__Given information__:
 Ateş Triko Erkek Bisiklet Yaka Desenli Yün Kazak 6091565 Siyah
==
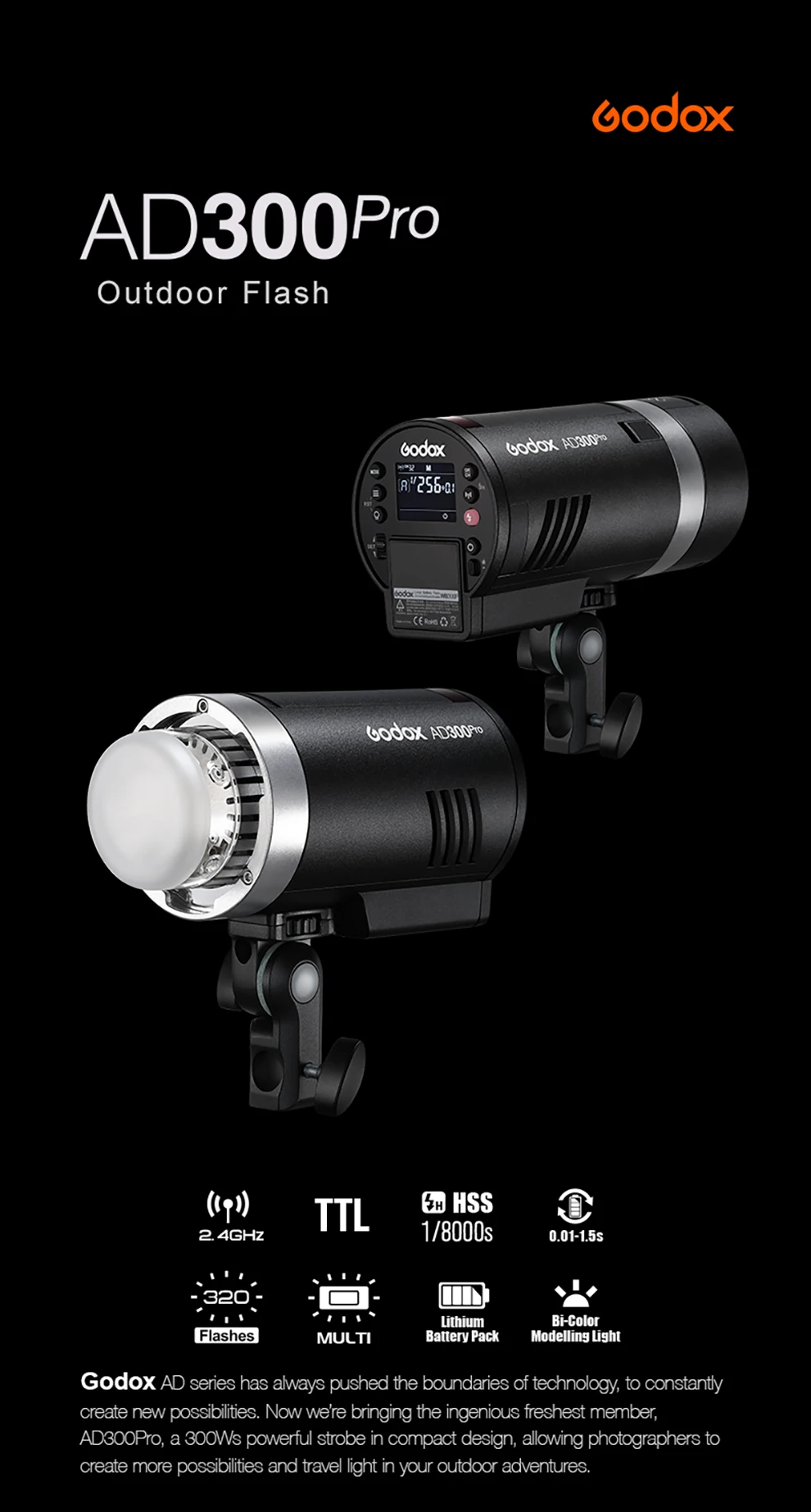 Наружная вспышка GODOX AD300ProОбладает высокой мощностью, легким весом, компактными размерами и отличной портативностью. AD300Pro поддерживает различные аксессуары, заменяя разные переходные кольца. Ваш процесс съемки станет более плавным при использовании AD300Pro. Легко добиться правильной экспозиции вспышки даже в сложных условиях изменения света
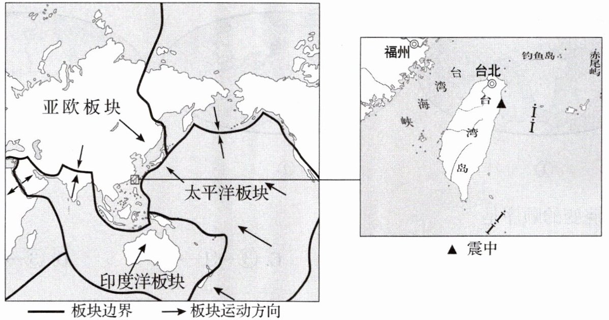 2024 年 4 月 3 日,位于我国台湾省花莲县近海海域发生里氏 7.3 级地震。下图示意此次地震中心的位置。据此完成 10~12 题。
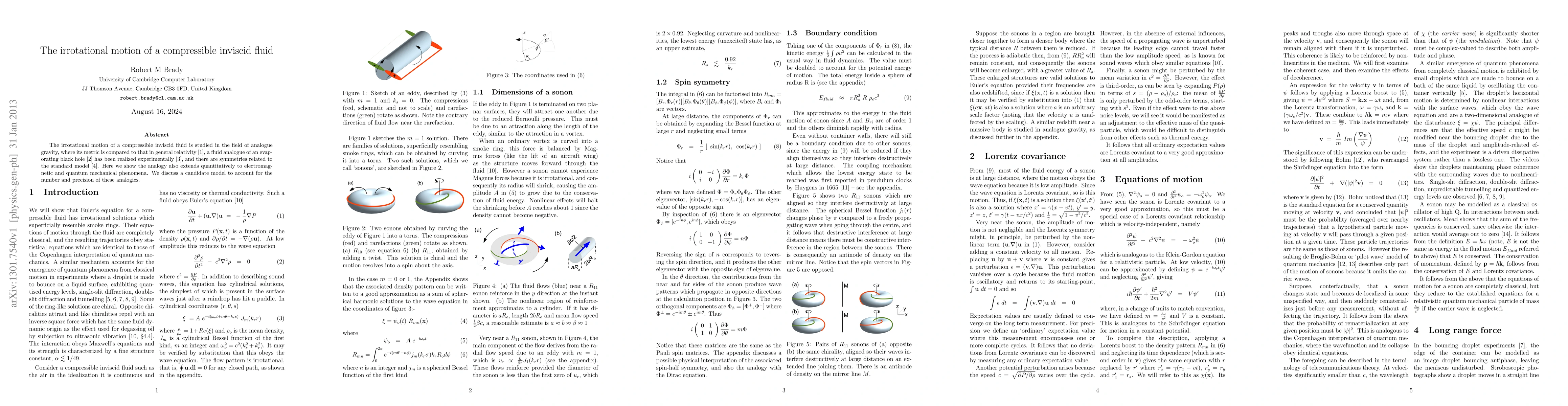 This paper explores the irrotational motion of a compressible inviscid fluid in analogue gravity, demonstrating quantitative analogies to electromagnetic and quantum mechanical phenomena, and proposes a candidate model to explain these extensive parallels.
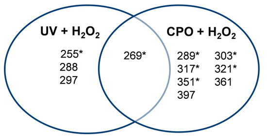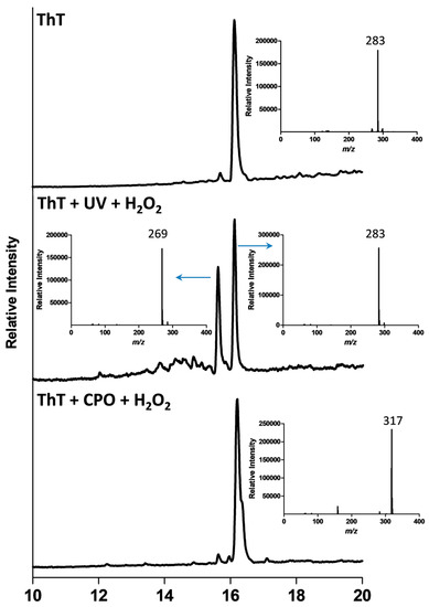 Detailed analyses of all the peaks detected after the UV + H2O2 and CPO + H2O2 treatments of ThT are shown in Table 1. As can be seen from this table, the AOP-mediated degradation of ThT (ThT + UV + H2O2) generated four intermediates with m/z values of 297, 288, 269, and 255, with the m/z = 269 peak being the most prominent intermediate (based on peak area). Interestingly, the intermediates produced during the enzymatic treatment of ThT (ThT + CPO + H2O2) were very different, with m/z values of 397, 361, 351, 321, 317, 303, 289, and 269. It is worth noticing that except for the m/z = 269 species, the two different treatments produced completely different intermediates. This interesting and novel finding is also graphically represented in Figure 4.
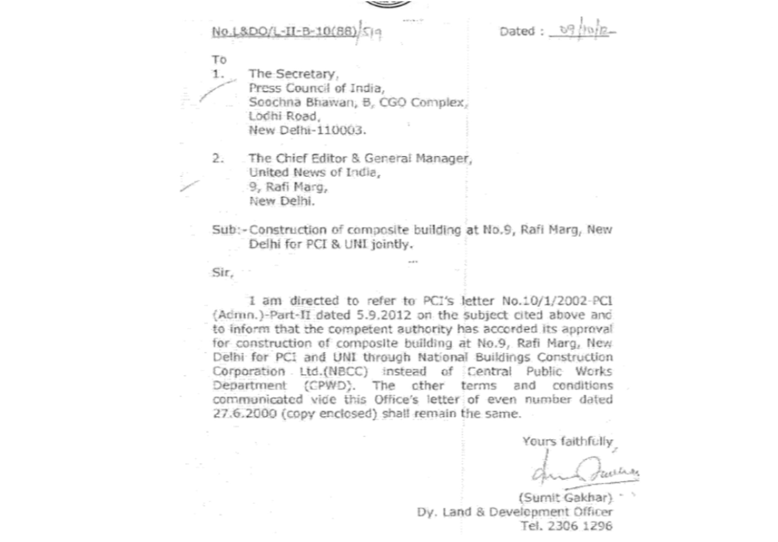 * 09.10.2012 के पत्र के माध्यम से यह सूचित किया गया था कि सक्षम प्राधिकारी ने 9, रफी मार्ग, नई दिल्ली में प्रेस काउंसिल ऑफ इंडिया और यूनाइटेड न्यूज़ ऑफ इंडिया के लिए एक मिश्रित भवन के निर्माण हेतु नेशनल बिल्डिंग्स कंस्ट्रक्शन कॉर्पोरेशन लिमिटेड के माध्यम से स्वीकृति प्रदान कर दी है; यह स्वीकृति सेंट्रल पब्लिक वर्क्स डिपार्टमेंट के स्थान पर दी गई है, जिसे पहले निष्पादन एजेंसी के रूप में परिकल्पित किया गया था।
--
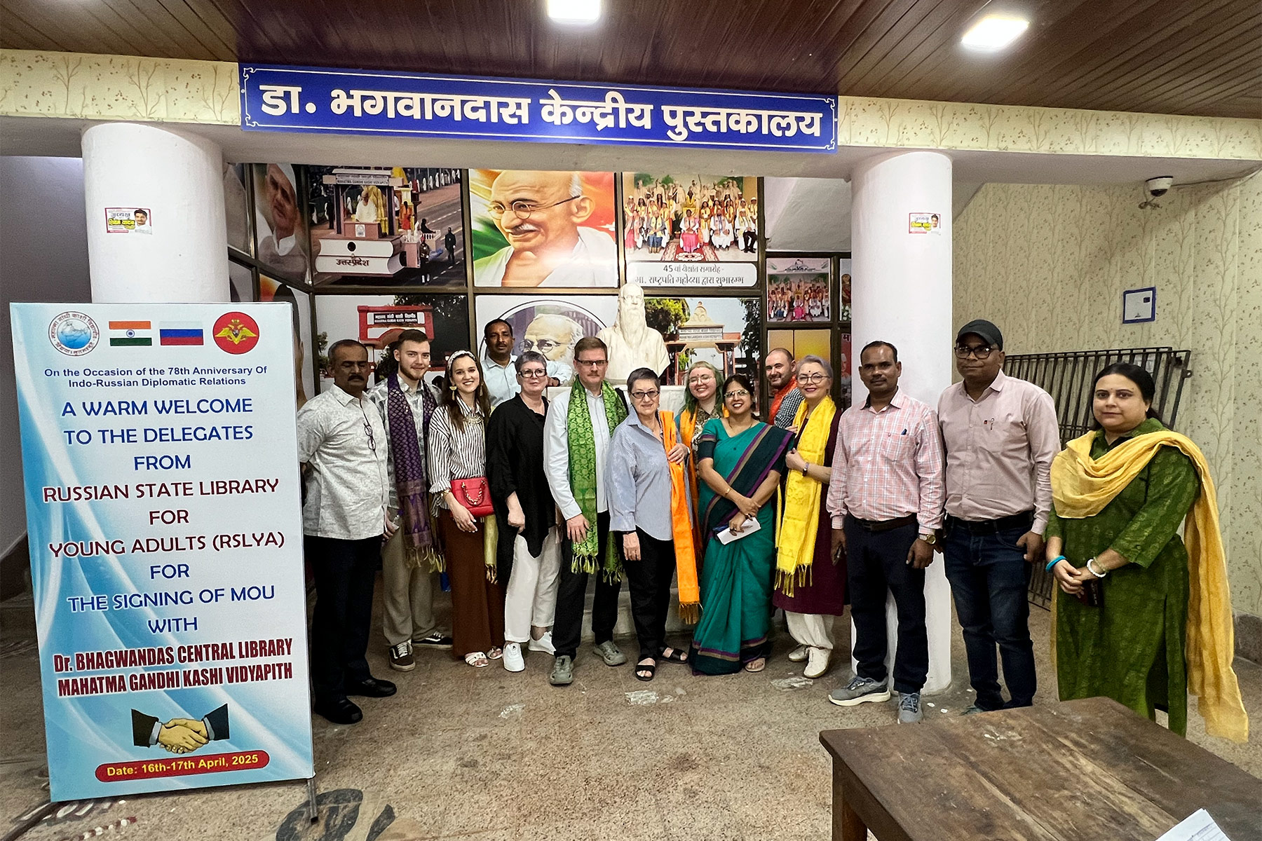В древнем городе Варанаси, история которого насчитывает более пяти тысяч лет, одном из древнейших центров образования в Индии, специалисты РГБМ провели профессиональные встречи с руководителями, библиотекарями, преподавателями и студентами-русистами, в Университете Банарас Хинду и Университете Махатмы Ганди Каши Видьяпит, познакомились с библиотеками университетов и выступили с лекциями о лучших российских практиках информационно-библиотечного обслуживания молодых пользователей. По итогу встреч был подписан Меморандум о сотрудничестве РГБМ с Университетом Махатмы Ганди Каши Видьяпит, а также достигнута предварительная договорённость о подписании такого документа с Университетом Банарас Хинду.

__Assigned task__:
Return exactly the lines that appear in the data above between the line containing "2024 年 4 月 3" and the line containing "This paper explores", both of which are included, and leave the pictures out.

__Output for this task__:
 2024 年 4 月 3 日,位于我国台湾省花莲县近海海域发生里氏 7.3 级地震。下图示意此次地震中心的位置。据此完成 10~12 题。
 This paper explores the irrotational motion of a compressible inviscid fluid in analogue gravity, demonstrating quantitative analogies to electromagnetic and quantum mechanical phenomena, and proposes a candidate model to explain these extensive parallels.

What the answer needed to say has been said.